- Exercise description:
Please restate every line below exactly, without any pictures.

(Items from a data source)
---------------

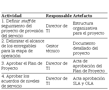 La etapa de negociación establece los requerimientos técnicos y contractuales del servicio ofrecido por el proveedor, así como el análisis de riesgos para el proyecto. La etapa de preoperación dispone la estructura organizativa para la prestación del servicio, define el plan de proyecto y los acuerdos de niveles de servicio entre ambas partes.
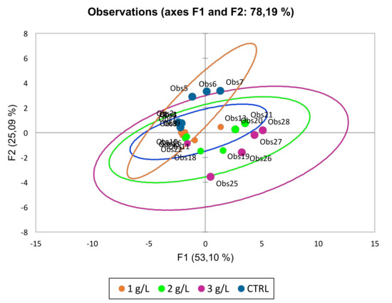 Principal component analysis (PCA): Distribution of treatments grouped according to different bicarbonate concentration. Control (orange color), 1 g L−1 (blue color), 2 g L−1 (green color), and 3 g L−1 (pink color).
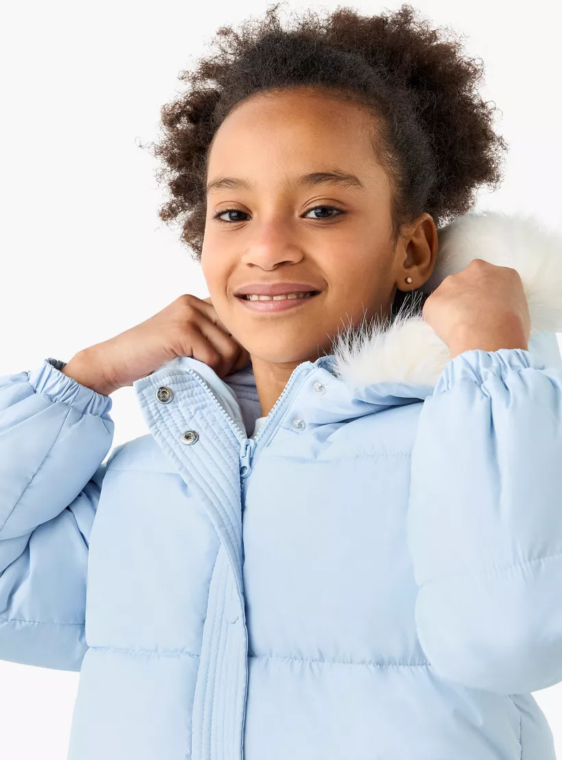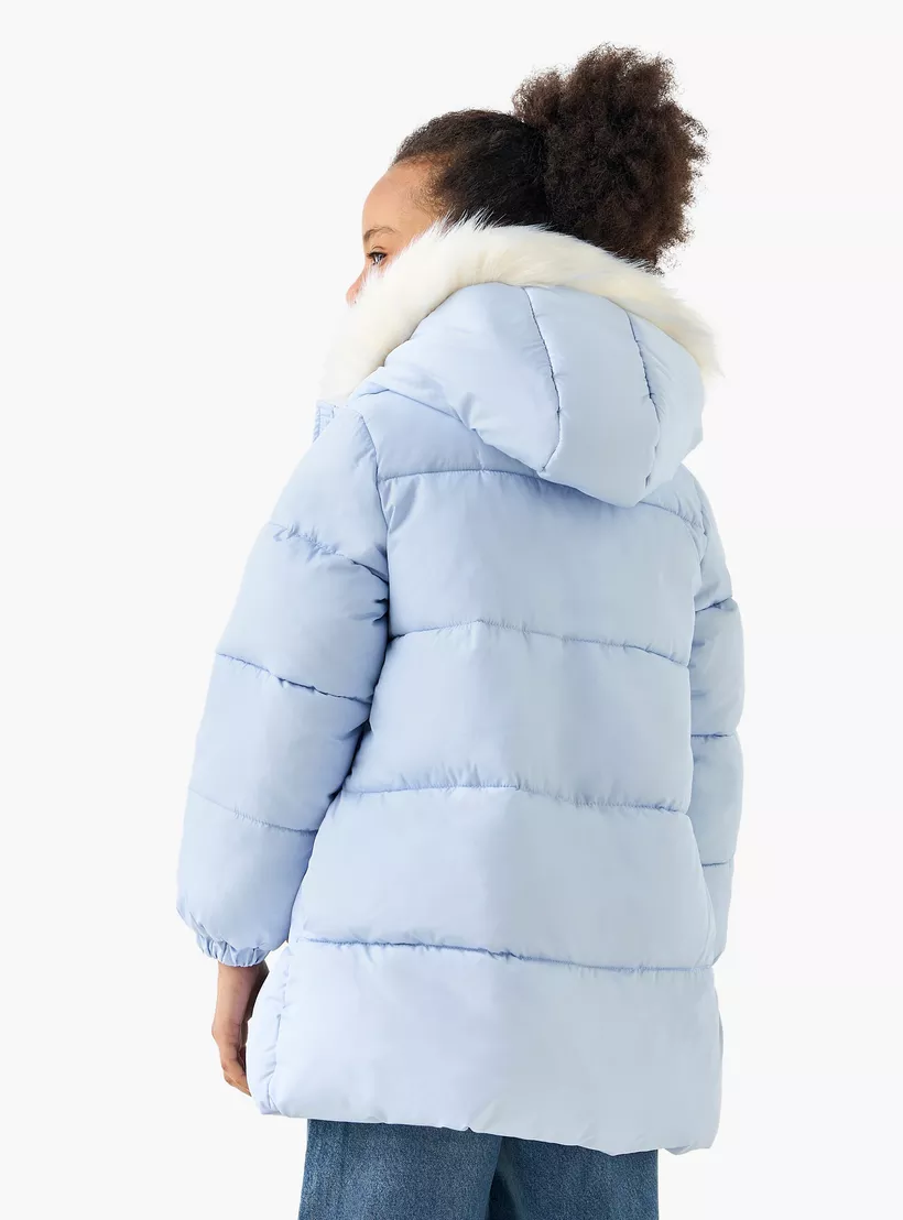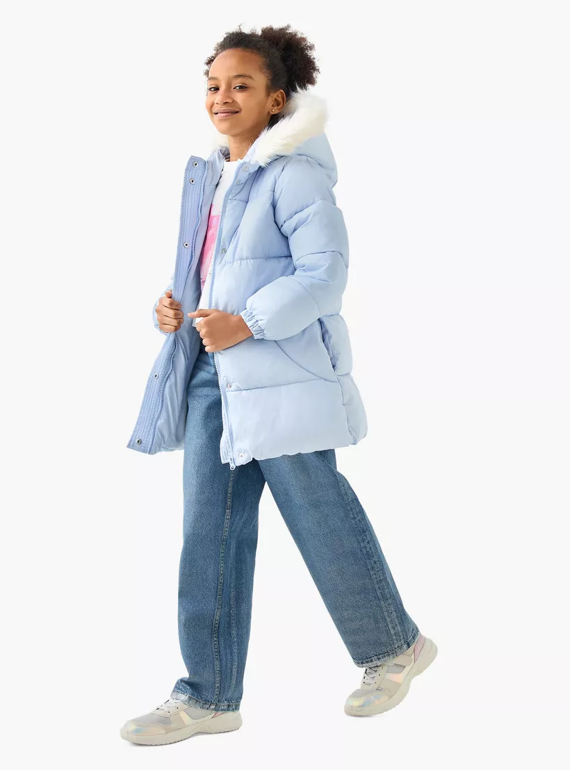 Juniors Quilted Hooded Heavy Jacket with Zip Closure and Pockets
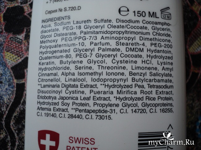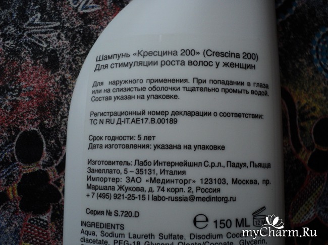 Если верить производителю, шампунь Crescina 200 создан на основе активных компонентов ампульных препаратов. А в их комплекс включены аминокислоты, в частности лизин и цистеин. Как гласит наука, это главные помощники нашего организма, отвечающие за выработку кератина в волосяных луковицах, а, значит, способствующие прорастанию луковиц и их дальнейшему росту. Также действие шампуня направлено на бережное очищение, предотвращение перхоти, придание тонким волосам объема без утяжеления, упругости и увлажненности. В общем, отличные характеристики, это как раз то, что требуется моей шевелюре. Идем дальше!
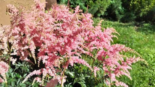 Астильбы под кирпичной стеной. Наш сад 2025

---------------

- Response area:
 La etapa de negociación establece los requerimientos técnicos y contractuales del servicio ofrecido por el proveedor, así como el análisis de riesgos para el proyecto. La etapa de preoperación dispone la estructura organizativa para la prestación del servicio, define el plan de proyecto y los acuerdos de niveles de servicio entre ambas partes.
 Principal component analysis (PCA): Distribution of treatments grouped according to different bicarbonate concentration. Control (orange color), 1 g L−1 (blue color), 2 g L−1 (green color), and 3 g L−1 (pink color).
 Juniors Quilted Hooded Heavy Jacket with Zip Closure and Pockets
 Если верить производителю, шампунь Crescina 200 создан на основе активных компонентов ампульных препаратов. А в их комплекс включены аминокислоты, в частности лизин и цистеин. Как гласит наука, это главные помощники нашего организма, отвечающие за выработку кератина в волосяных луковицах, а, значит, способствующие прорастанию луковиц и их дальнейшему росту. Также действие шампуня направлено на бережное очищение, предотвращение перхоти, придание тонким волосам объема без утяжеления, упругости и увлажненности. В общем, отличные характеристики, это как раз то, что требуется моей шевелюре. Идем дальше!
 Астильбы под кирпичной стеной. Наш сад 2025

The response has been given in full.